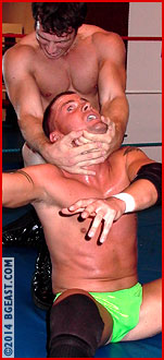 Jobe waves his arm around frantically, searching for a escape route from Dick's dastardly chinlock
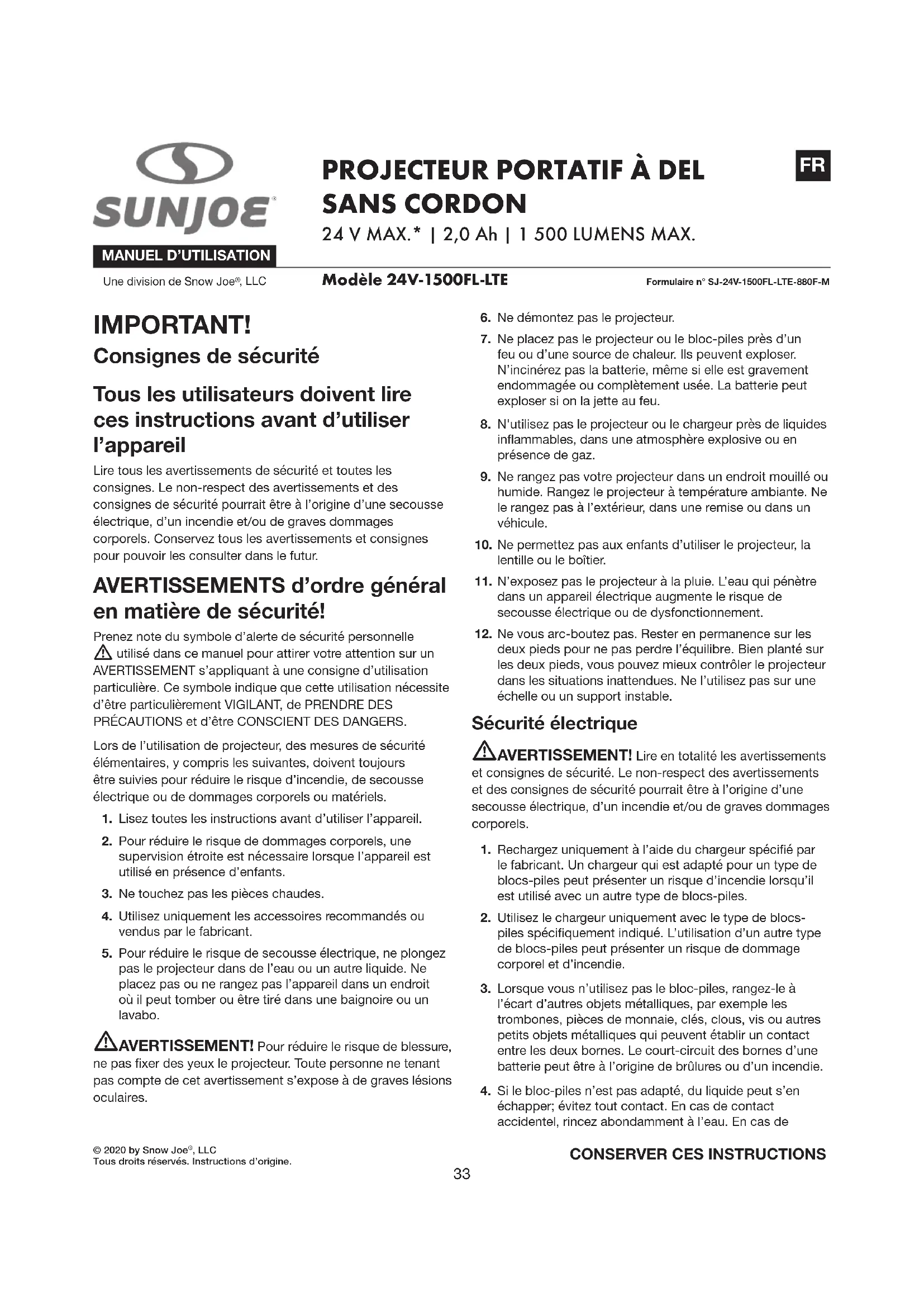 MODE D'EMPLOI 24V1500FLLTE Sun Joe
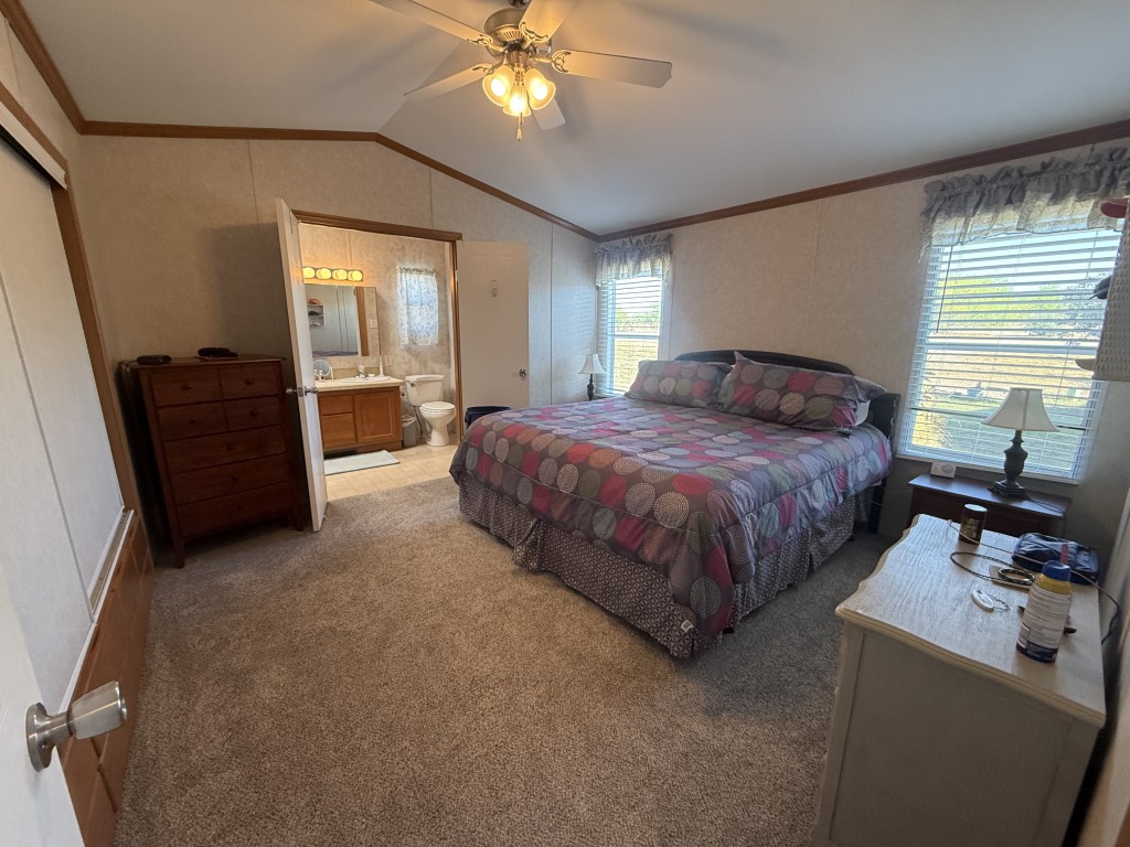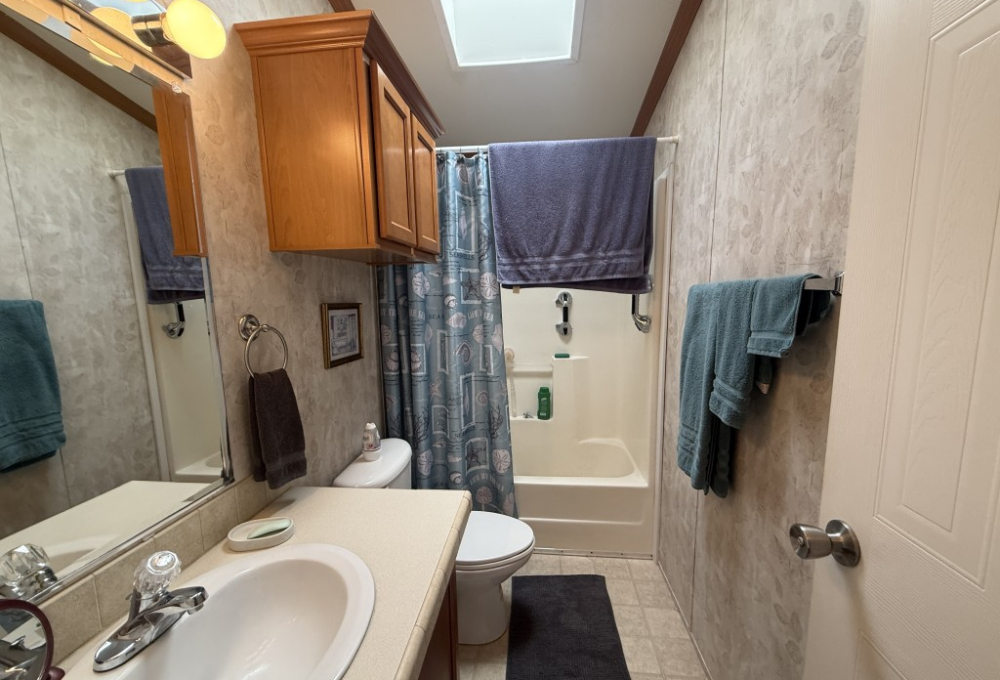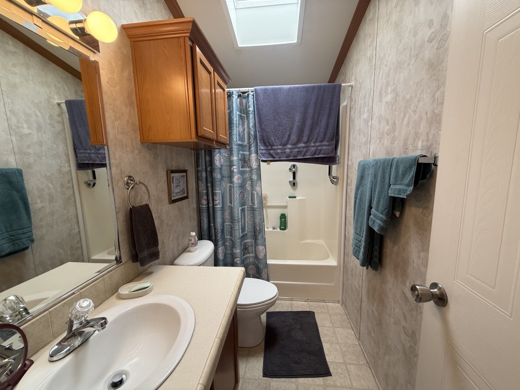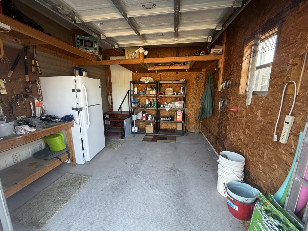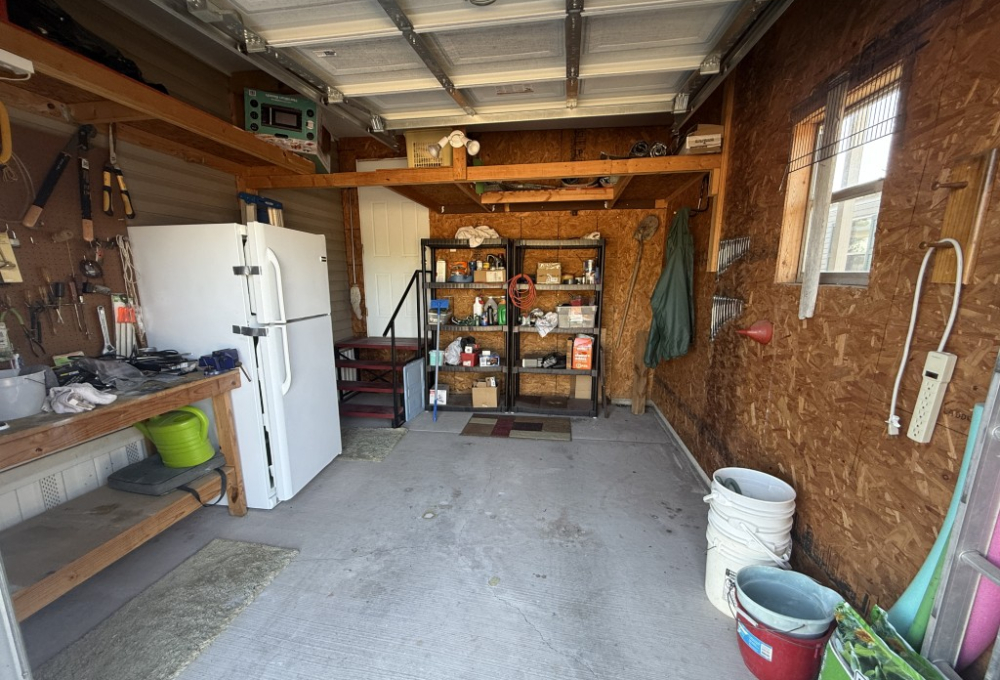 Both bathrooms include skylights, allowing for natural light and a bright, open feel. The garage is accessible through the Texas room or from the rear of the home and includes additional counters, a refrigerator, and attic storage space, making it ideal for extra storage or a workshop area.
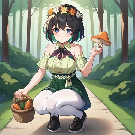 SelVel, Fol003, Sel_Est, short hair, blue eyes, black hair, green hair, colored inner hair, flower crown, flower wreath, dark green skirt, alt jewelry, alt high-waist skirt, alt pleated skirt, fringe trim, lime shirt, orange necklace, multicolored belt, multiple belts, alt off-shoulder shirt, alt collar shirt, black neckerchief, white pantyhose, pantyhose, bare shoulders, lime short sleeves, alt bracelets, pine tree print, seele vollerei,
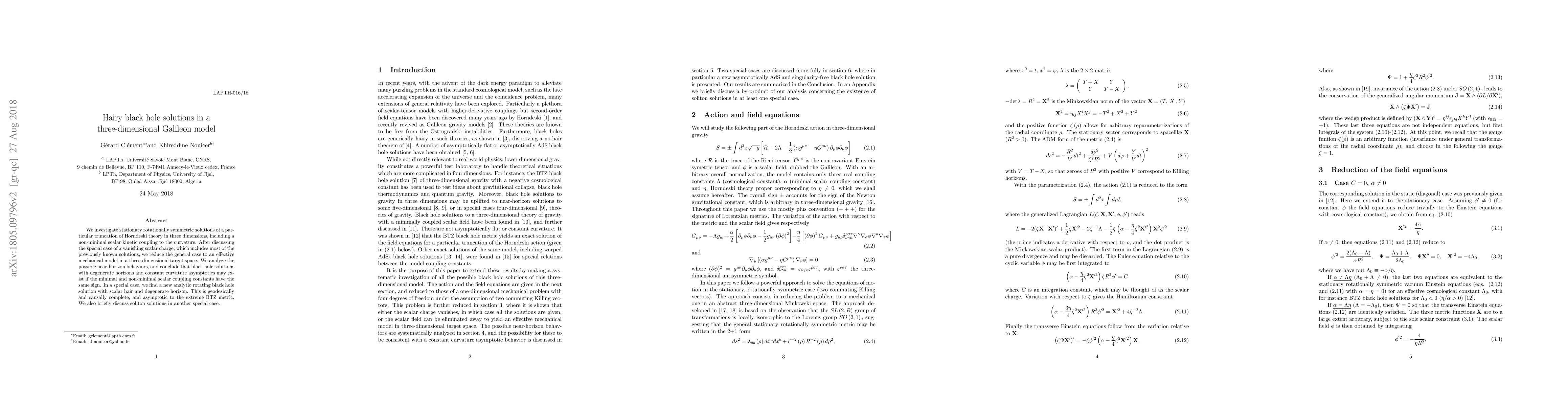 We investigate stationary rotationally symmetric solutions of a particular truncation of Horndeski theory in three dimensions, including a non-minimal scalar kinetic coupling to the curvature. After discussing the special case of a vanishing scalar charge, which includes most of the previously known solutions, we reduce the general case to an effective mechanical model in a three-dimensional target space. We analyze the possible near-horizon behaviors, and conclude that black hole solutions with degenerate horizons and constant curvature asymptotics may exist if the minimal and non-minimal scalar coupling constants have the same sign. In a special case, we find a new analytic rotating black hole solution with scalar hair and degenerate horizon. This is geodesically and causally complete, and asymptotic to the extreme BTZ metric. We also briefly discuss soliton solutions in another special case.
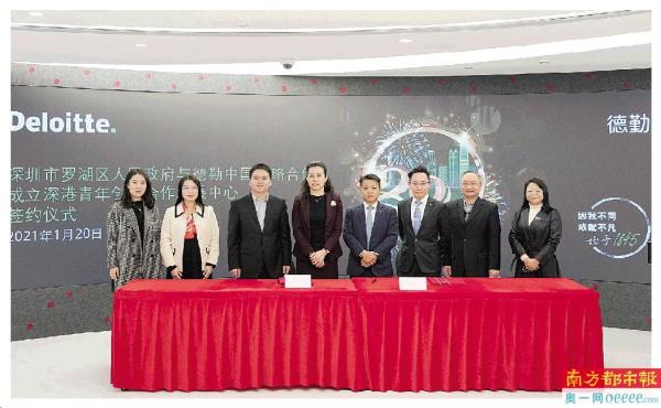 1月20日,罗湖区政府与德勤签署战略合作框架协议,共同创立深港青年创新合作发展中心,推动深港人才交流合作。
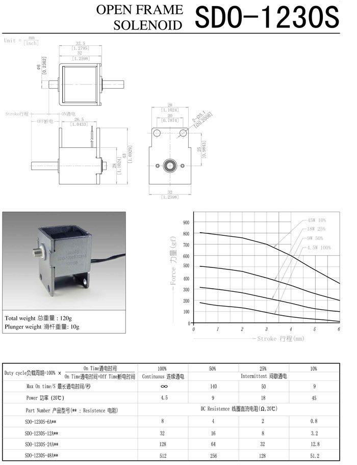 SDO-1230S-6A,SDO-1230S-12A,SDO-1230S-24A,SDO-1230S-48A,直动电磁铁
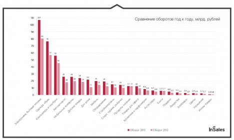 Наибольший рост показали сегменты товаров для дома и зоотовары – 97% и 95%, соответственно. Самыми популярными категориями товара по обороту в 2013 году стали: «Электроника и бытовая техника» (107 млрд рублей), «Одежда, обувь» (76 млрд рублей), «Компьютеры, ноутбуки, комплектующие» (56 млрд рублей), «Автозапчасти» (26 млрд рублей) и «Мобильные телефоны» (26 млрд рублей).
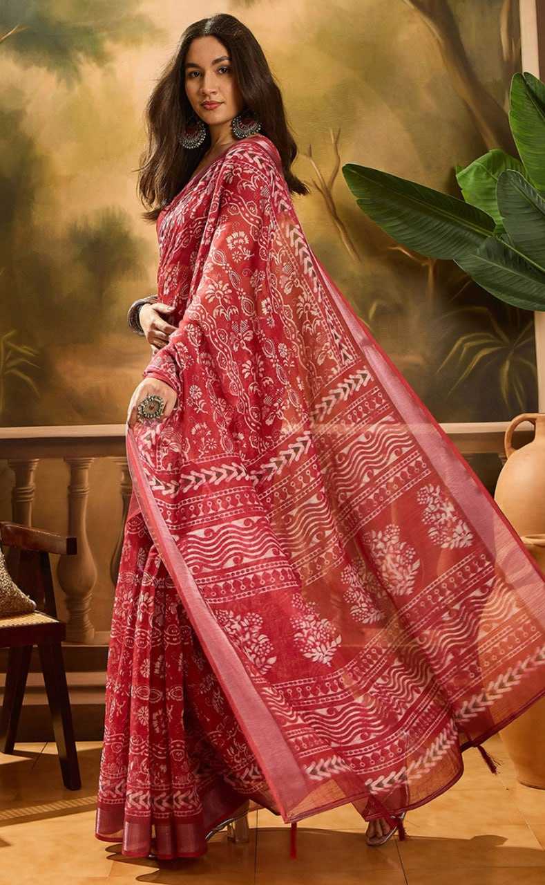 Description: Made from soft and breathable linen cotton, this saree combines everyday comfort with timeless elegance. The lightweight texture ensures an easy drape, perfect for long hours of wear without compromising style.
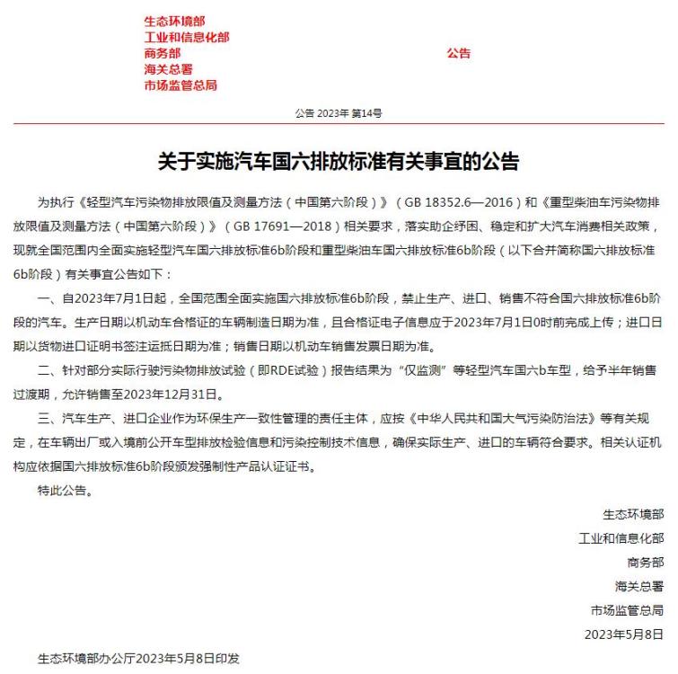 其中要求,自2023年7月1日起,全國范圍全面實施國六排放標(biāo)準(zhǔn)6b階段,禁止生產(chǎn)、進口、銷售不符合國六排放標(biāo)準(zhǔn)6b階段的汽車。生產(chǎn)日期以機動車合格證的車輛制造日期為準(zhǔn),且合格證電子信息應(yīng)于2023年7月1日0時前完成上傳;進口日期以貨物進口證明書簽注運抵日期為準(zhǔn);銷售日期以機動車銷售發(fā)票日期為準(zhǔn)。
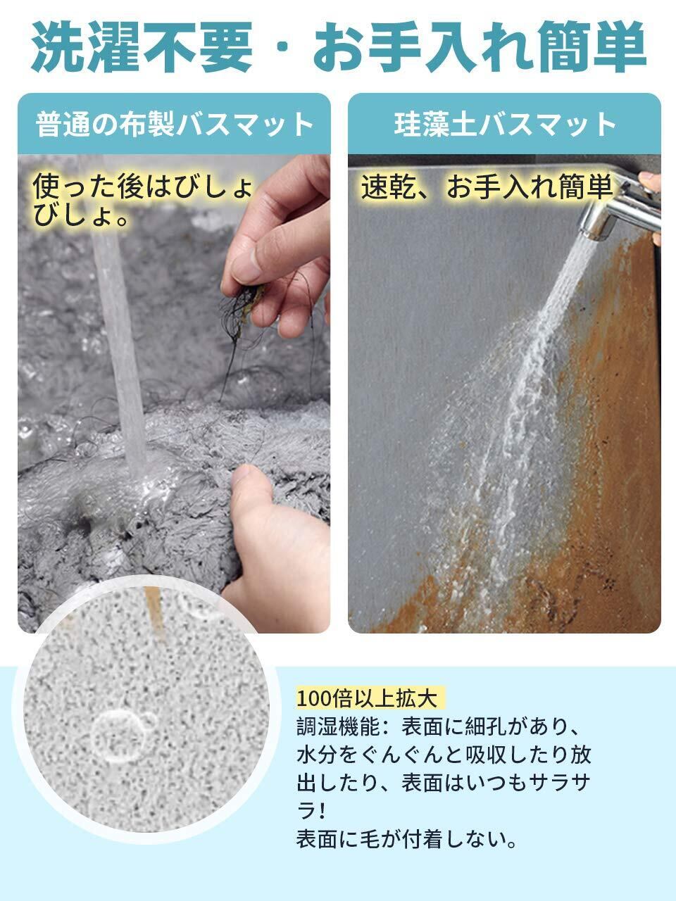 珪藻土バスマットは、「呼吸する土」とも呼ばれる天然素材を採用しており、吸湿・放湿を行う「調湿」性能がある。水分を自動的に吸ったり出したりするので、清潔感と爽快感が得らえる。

------------------------------------

### About this exercise
Quote word for word only the lines above from the one containing "SDO-1230S-6A,S" through the one containing "Наибольший рост показали". Pictures stay out of your copy.

### Exercise answer
 SDO-1230S-6A,SDO-1230S-12A,SDO-1230S-24A,SDO-1230S-48A,直动电磁铁
 Наибольший рост показали сегменты товаров для дома и зоотовары – 97% и 95%, соответственно. Самыми популярными категориями товара по обороту в 2013 году стали: «Электроника и бытовая техника» (107 млрд рублей), «Одежда, обувь» (76 млрд рублей), «Компьютеры, ноутбуки, комплектующие» (56 млрд рублей), «Автозапчасти» (26 млрд рублей) и «Мобильные телефоны» (26 млрд рублей).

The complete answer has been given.